Keine Zeit zu verlieren
Die Geburt seines ersten Kindes vor rund sieben Jahren veranlasste Severin Pock, etwas für den Umweltschutz zu tun und möglichst viele zu motivieren, ebenfalls einen Beitrag zur Rettung der Welt zu leisten. Allein oder gemeinsam mit seiner Familie sammelt und sortiert der 29-jährige Steirer mindestens zweimal wöchentlich Müll im Raum Graz, den andere achtlos an Straßenrändern, auf Wiesen, in Wäldern oder in Parks weggeworfen haben. Über seine Anfang 2020 auf Facebook gegründete Müllsammelgemeinschaft „No time to waste“ vernetzt er bereits über 800 Fans in der DACH-Region.
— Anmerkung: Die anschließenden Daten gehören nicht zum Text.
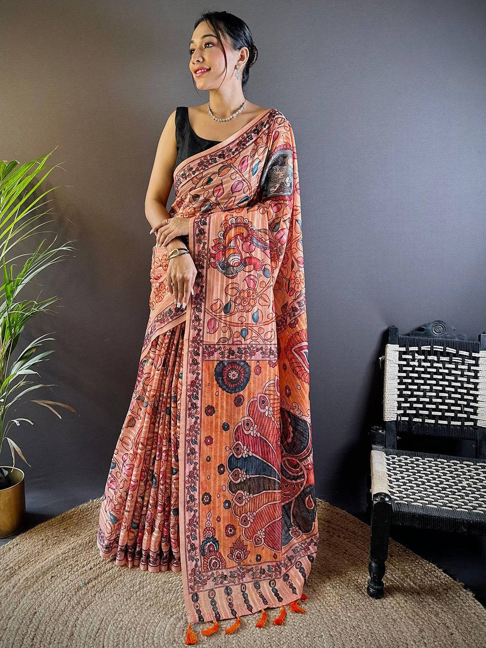 Peach Madhubani Print Soft Silk Saree with Peacock Artwork & Tassel Pallu

Viele Begeisterte folgen seinem Beispiel und sorgen in ihrer Freizeit für eine saubere Umwelt. Im Rahmen eines feierlichen Festaktes am 13. Juli 2021 im Saubermacher-Headquarter in Feldkirchen bei

Graz wurde der Preis von Hans Roth und Bundesministerin Leonore Gewessler übergeben. „Wir haben in Österreich leider nach wie vor ein Problem mit Müll in der Natur. Jedes Jahr landen an die 420 Müllwägen voll davon in unseren Wäldern, Parks und Straßen. Darum ist es wichtig, dass wir unseren Abfall richtig entsorgen und gleichzeitig auf langlebige und wiederverwertbare Produkte setzen. Als Politikerin ist es meine Aufgabe, die Rahmenbedingungen dafür zu schaffen. Das gelingt zum Beispiel mit einem verbindlichen Mehrwegangebot in den Supermärkten. Gleichzeitig braucht es aber den Beitrag jedes und jeder Einzelnen für mehr Umweltschutz. Darum freut es mich besonders, heute das wichtige Engagement von Severin Pock auszeichnen zu dürfen. Er trägt mit seinen Müllsammelaktionen, mit denen er auch andere inspiriert, zu einer sauberen Natur bei. Vielen Dank dafür!“, gratuliert Klimaschutzministerin Leonore Gewessler dem Preisträger.

Anerkennung und Dank zeigen
Als symbolisches Dankeschön erhielt der Müllsammler einen Umweltpokal von Künstler Axel Staudinger, eine Urkunde sowie einen Wertgutschein in Höhe von 2.500 Euro. Neben dem bewährten Hans-Roth-Umweltpreis, der seit 2003 in Österreich und seit 2012 in Slowenien zur Förderung von NachwuchswissenschaftlerInnen im Bereich der nachhaltigen Entsorgungs- und Recyclingwirtschaft vergeben wird, richtet sich die neue Auszeichnung „Held*in des Klimaschutzes“ an Privatpersonen, Vereine oder Unternehmen. Dabei sollen wichtige und außergewöhnliche Beiträge zum Klimaschutz, die über gesetzliche Regelungen oder herkömmliche Leistungen im Alltag hinausgehen, ausgezeichnet werden. Der Preis soll künftig jährlich in einem Bundesland vergeben werden.